An ultra-high-sensitivity electrochemiluminescence aptasensor for Pb detection based on the synergistic signal-amplification strategy of quencher abscission and G-quadruplex generation.

Signal amplification provides an effective way to improve detection performance. Herein, an ultrasensitive electrochemiluminescence (ECL) aptasensor for Pb detection was developed based on a dual signal-amplification strategy of the abscission of a quencher and the generation of a G-quadruplex by one-step and simultaneous way. Nitrogen-doped carbon quantum dots linked with complementary DNA (cDNA-NCQDs) at the sensing interface was applied as the quencher of a tris(4,4'-dicarboxylic acid-2,2'-bipyridyl)ruthenium(II) (Ru(dcbpy))/tripropylamine system to minimize the ECL signal due to the intermolecular hydrogen bond-induced energy-transfer process.

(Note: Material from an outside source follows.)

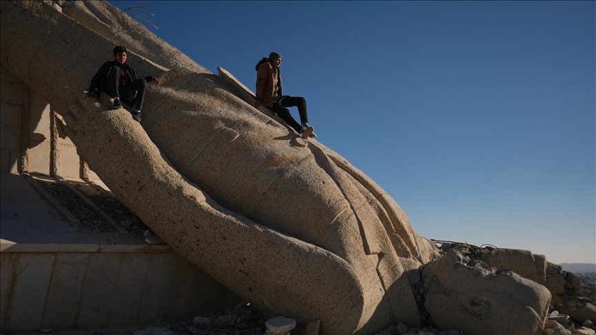 Срушениот споменик на Хафез ал Асад, нем сведок на крајот на режимот на Баас во Сирија

Upon the addition of Pb, its specific binding with the aptamer triggered the abscission of cDNA-NCQDs, accompanied by the formation of G-quadruplex on the surface of the electrode, both of which amplified the intensity of the light emission. The ECL amplification efficiency induced by the above two mechanisms (78.6%) was valuably greater than that of their sum value (69.3%). This synergistic effect resulted in high detection sensitivity of the ECL aptasensor, which allowed to thereby obtain Pb measurements in the range of 1 fM - 10 nM with an ultra-low detection limit of 0.19 fM. The Pb-mediated synergistic signal-amplification ECL strategy can provide a new approach for integrating various amplification strategies.